● **EXERCISE AIM**
All lines below must be repeated exactly, with the pictures omitted.

● **DATASET RECORDS**
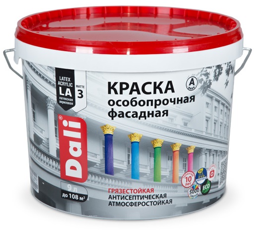 Краска фасадная акриловая для фасадов зданий и сооружений, требующих частого обновления.
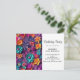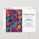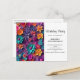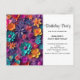 Birthday party postcard invitation with a cool digital 3d style pattern. Bright and colorful flowers with a cool style which looks like paper cutouts.
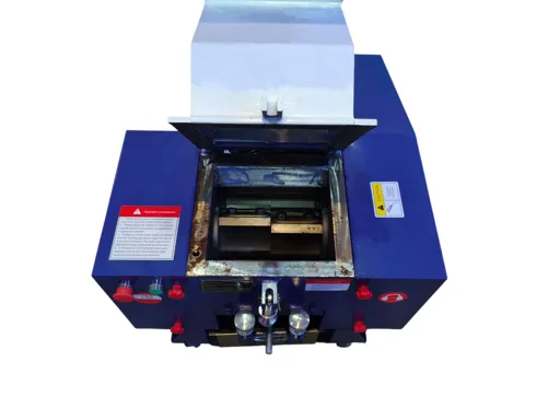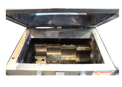 Работа оборудования основана на ударной нагрузке, осуществляемой резаками, которые установлены на вращающемся роторе. Вращение вала обеспечивается с помощью электрического двигателя, соединенного посредством ременной передачи. Для эффективной работы могут быть установлены не только подвижные роторные резаки, но и стационарные ножи на корпусе. Таким образом, зазор между лезвиями остается очень небольшим, а попадая в него, материалы постепенно измельчается. В нижней части станка устанавливается специальное фракционное сито, которое обеспечивает отделение фракции, соответствующей требованиям.
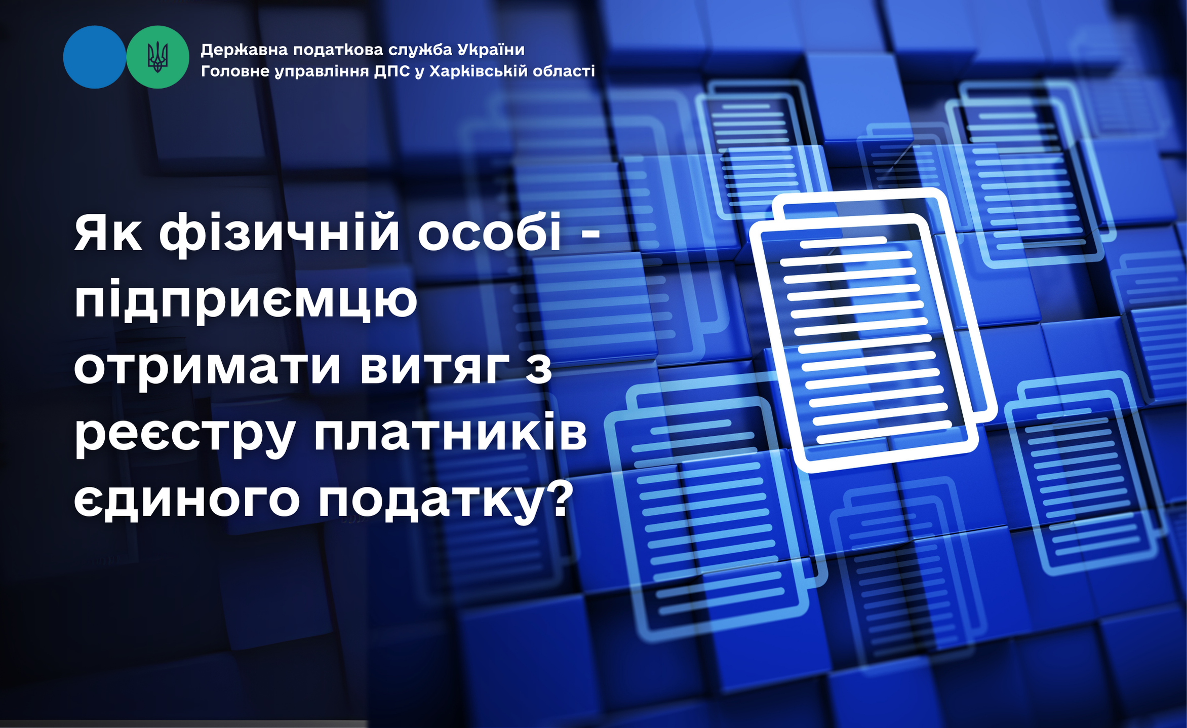 Головне управління ДПС у Харківській області інформує, що відповідно до п. 299.9 ст. 299 Податкового кодексу України фізична особа – підприємець, зареєстрований платником єдиного податку, має можливість подати запит про отримання витягу з реєстру платників єдиного податку до контролюючого органу за місцем податкової адреси в один із таких способів:
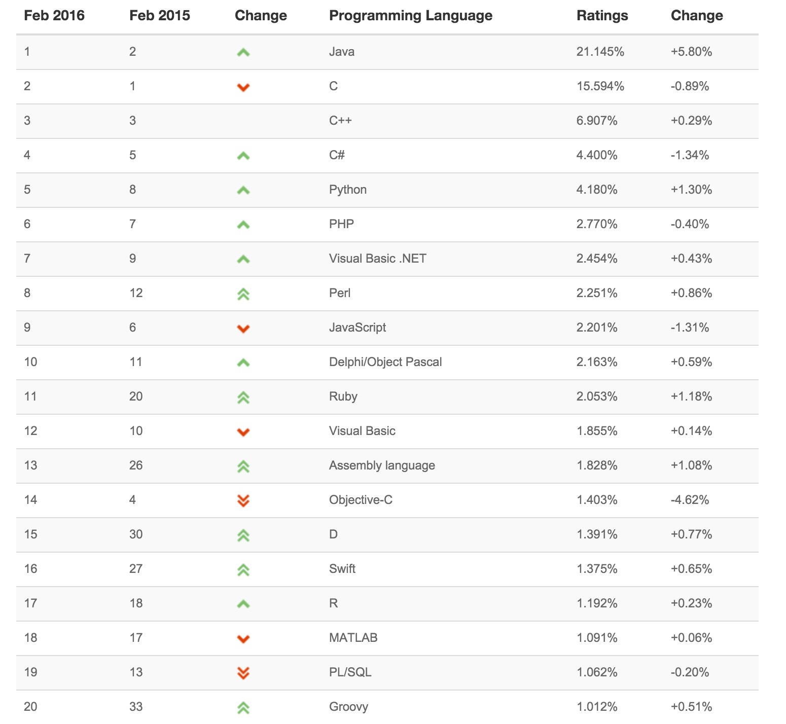 TIOBE 2016年2月编程语言排行榜 Java发展受阻
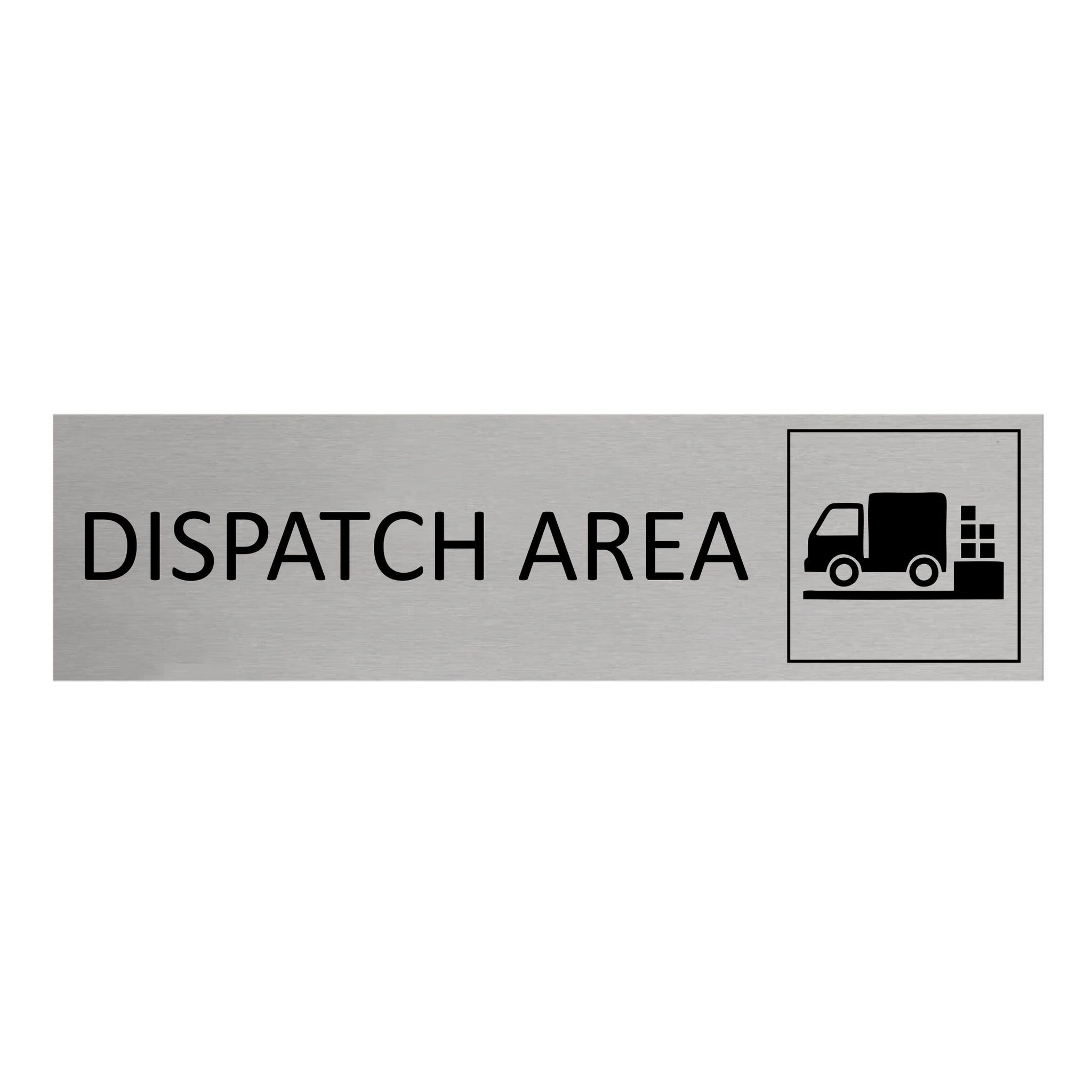 Deurbordje met de tekst 'Dispatch area', gemaakt van zilverkleurig aluminium, Het bordje heeft afmetingen van 165 x 45 mm. Voorzien van dubbelzijdige tape voor makkelijke bevestiging. Geschikt voor binnen en buiten. Per 1 stuk.
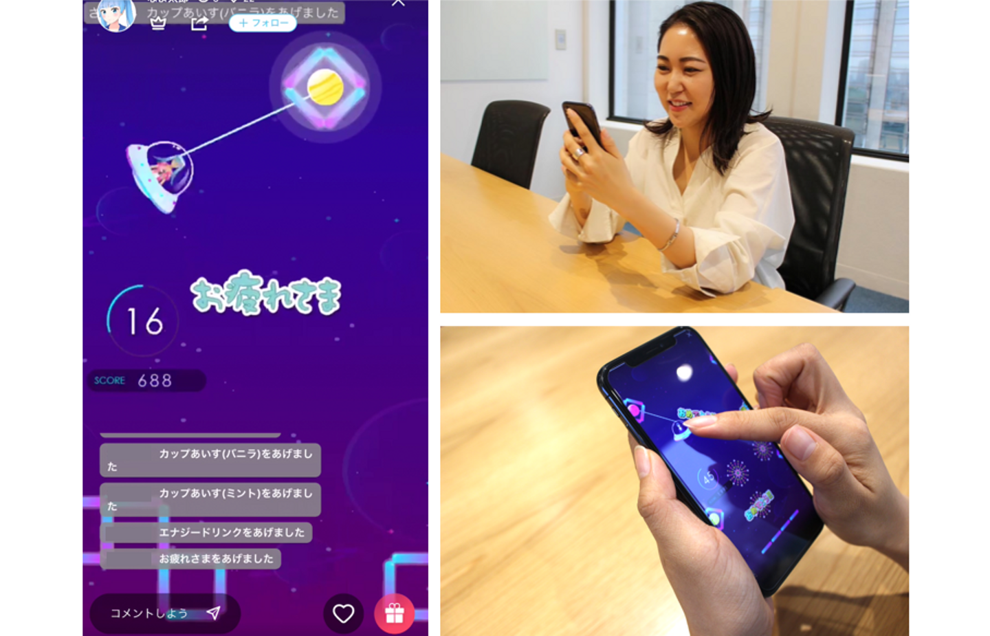 さらに、ゲーム中に視聴者から対象ギフトが送られると、アイテムとしてゲーム内に出現し、それを獲得することでスコアがアップします。
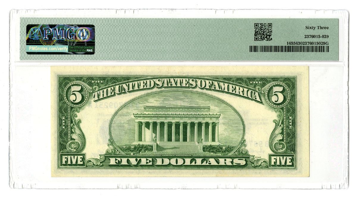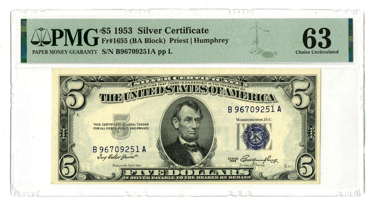 Washington D.C., 1953. $5, Series of 1953, Fr.# 1655, BA Block, Issued Silver Certificate, Blue seal at right, Priest | Humphrey signatures, S/N B96709251A pp L, PMG graded Choice Uncirculated 63.
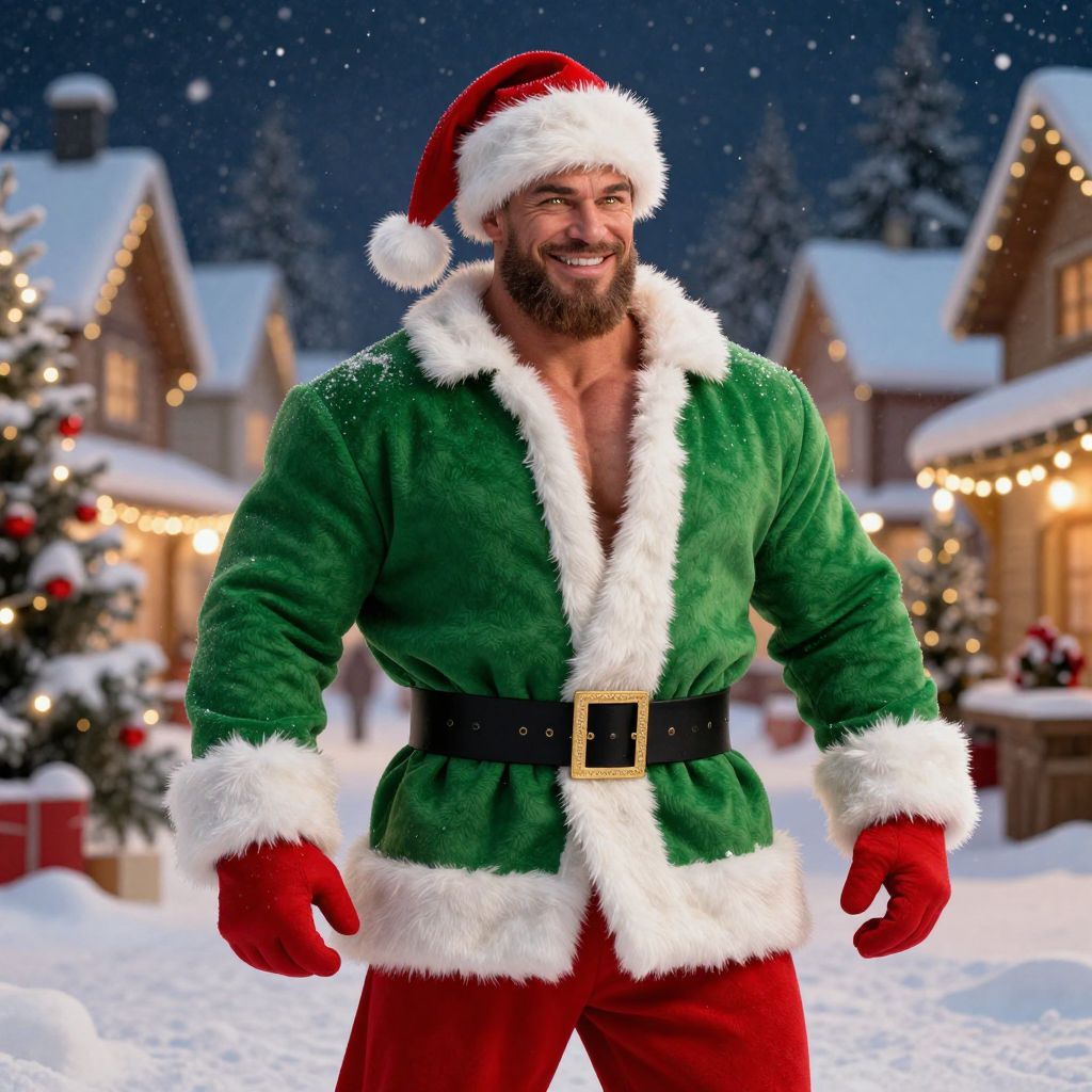 A muscular male Santa Claus in a classic festive outfit, wearing a bright green coat, red pants, and a red and white fur-lined hat with a white feather trim. He has a friendly, warm smile, glowing eyes, and a full beard, standing in a snowy winter village with twinkling lights and Christmas trees in the background. The scene is bright and festive, with a cozy atmosphere. The man is tall and athletic, with a strong build, and his posture exudes confidence and charm. His red and white hat is slightly tilted, giving a dynamic, lifelike pose. The lighting is warm and golden, enhancing the holiday mood. The image is highly detailed, realistic, and cinematic, with rich textures on the fabric and snow-covered ground.

● **EXERCISE OUTPUT**
 Краска фасадная акриловая для фасадов зданий и сооружений, требующих частого обновления.
 Birthday party postcard invitation with a cool digital 3d style pattern. Bright and colorful flowers with a cool style which looks like paper cutouts.
 Работа оборудования основана на ударной нагрузке, осуществляемой резаками, которые установлены на вращающемся роторе. Вращение вала обеспечивается с помощью электрического двигателя, соединенного посредством ременной передачи. Для эффективной работы могут быть установлены не только подвижные роторные резаки, но и стационарные ножи на корпусе. Таким образом, зазор между лезвиями остается очень небольшим, а попадая в него, материалы постепенно измельчается. В нижней части станка устанавливается специальное фракционное сито, которое обеспечивает отделение фракции, соответствующей требованиям.
 Головне управління ДПС у Харківській області інформує, що відповідно до п. 299.9 ст. 299 Податкового кодексу України фізична особа – підприємець, зареєстрований платником єдиного податку, має можливість подати запит про отримання витягу з реєстру платників єдиного податку до контролюючого органу за місцем податкової адреси в один із таких способів:
 TIOBE 2016年2月编程语言排行榜 Java发展受阻
 Deurbordje met de tekst 'Dispatch area', gemaakt van zilverkleurig aluminium, Het bordje heeft afmetingen van 165 x 45 mm. Voorzien van dubbelzijdige tape voor makkelijke bevestiging. Geschikt voor binnen en buiten. Per 1 stuk.
 さらに、ゲーム中に視聴者から対象ギフトが送られると、アイテムとしてゲーム内に出現し、それを獲得することでスコアがアップします。
 Washington D.C., 1953. $5, Series of 1953, Fr.# 1655, BA Block, Issued Silver Certificate, Blue seal at right, Priest | Humphrey signatures, S/N B96709251A pp L, PMG graded Choice Uncirculated 63.
 A muscular male Santa Claus in a classic festive outfit, wearing a bright green coat, red pants, and a red and white fur-lined hat with a white feather trim. He has a friendly, warm smile, glowing eyes, and a full beard, standing in a snowy winter village with twinkling lights and Christmas trees in the background. The scene is bright and festive, with a cozy atmosphere. The man is tall and athletic, with a strong build, and his posture exudes confidence and charm. His red and white hat is slightly tilted, giving a dynamic, lifelike pose. The lighting is warm and golden, enhancing the holiday mood. The image is highly detailed, realistic, and cinematic, with rich textures on the fabric and snow-covered ground.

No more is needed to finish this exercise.